To dlatego absolwenci szkół wyższych łatwiej dostosowują się do zmian na rynku pracy, choć nie ma takich kierunków i specjalności, które gwarantują zatrudnienie. - Ponadto okres studiów to czas na nawiązywanie kontaktów środowiskowych i tworzenie obszarów aktywności społecznej, które w przyszłości stanowić mogą podstawę kreacji i wzmacniania więzi społecznych - dodaje prof. Kryńska.

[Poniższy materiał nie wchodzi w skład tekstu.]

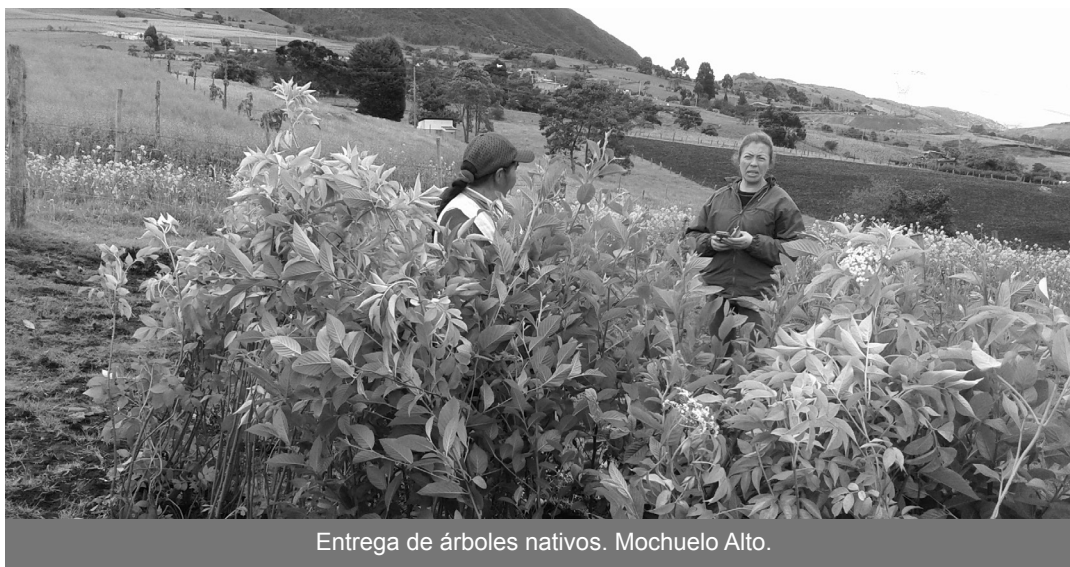
Entrega de árboles nativos. Mochuelo Alto.

Para los meses de mayo y junio, se dictaron Talleres de Diversificación productiva, Manejo de Praderas y Análisis de Suelo a los productores . Con el desarrollo de este programa, La Unidad avanza en la gestión y ejecución del Plan de Gestión Social en la zona, como acción de compensación por cercanía con el Relleno Sanitario Doña Juana.
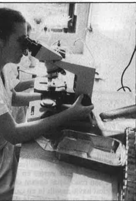
La cursa dels laboratoris per la vacuna ja ha començat.

tre la malaltia, tanmateix, la realitat és que no hi ha res que pugui vèncer-la de manera definitiva.
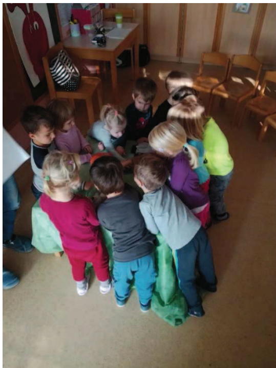
Slika 10: Prepiranje za lutke

ona je namreč očarana opazovala predstavo. Po koncu predstave, ko smo pripravili lutke na ogled, je prišlo do drenjanja (slika 10).
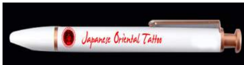
Gambar 8. Bolpoin
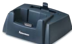
Desktop Dock Ethernet

Der 2D-Imager ist zusätzlich in der Lage, Schwarz-Weiß-Fotografien für Anwendungen wie z.B. Liefernachweise, Marktbefragungen und Außendienst-Kontrollen, zu scannen. Linear 1D und PDF 417 Laser Scanner vervollständigen das Scanner-Angebot.
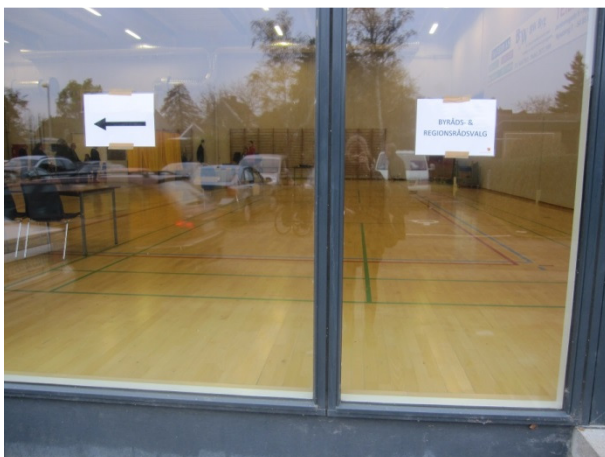
Skiltning Nordfalster Idræts- og Kulturcenter.

På udearealerne foran afstemningsstedet var der ikke opsat skilte med angivelse af, hvor valget fandt sted. Der var dog på glaspartiet ind til selve hallen opsat enkelte små skilte med teksten ”byråds- & regionsrådsvalg” efterfulgt af et skilt med en pil med angivelse af retning.
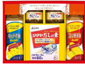
調味料セレクトギフト
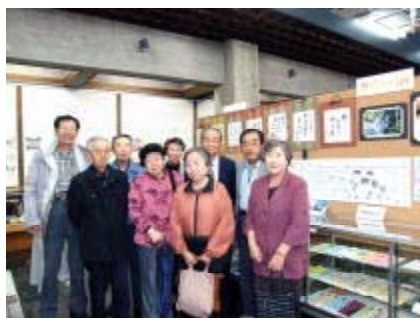
120年展川柳コーナーでの飾り付けを終えて。作品を前に記念スナップの会員有志
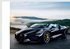
1-2月 ブガッティ W16 ミストラル
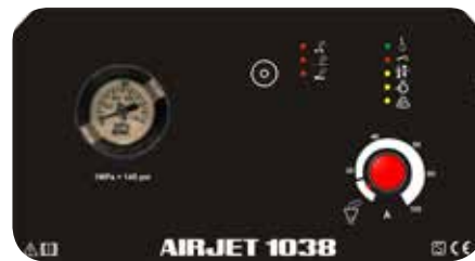
Панель управления Airjet 1038
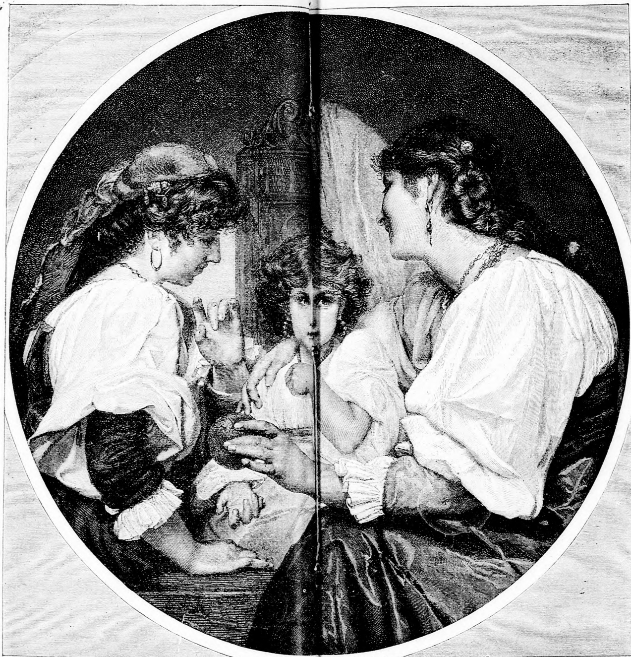
JUTALOM. (Lásd a 176. lapon.)
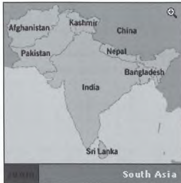
Gambar 1: Kedudukan Sri Lanka di rantau Asia Selatan. 9

Mannar dan Semenanjung Palk memisahkan Sri Lanka dengan bahagian selatan tanah besar India. 8
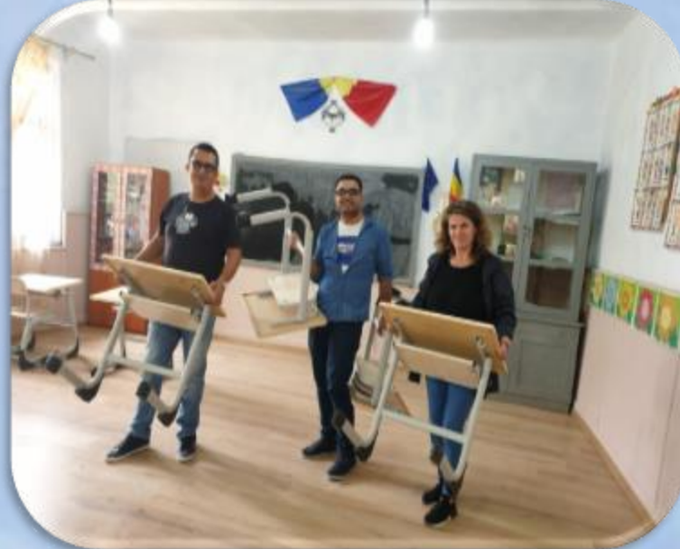
ȘCOALA PRIMARĂ, SAT LĂLEȘTI

Z dyplomem uczelni łatwiej też znaleźć pracę. W II połowie 2004 r. w grupie zarejestrowanych 3 mln bezrobotnych wyższe wykształcenie posiadało 146,6 tys. osób, co stanowiło tylko 4,9 proc. wszystkich bezrobotnych.
Jak wybierać
Wybór przyszłego kierunku studiów nie jest łatwy, bo mimo wszystkich (całkiem dużych) możliwości zmian, jakie dają np. drugie fakultety, studia podyplomowe czy doktoranckie, jest to wybór dość zobowiązujący. Najpierw należy jak najwięcej dowiedzieć się o danym zawodzie i poznać własne predyspozycje. - Moje doświadczenie nauczyciela akademickiego wskazuje na trzy główne motywy wybierania kierunku studiów. Pierwszy to chęć zdobycia w przyszłości jak najlepszej pozycji na rynku pracy. Drugi - poddanie się zachowaniom stadnym, czyli idziemy na ten kierunek, bo robią tak koledzy, sąsiedzi, rodzeństwo. Ostatni to chęć zgłębienia wiedzy w interesującej kandydata dziedzinie - mówi prof. Kryńska.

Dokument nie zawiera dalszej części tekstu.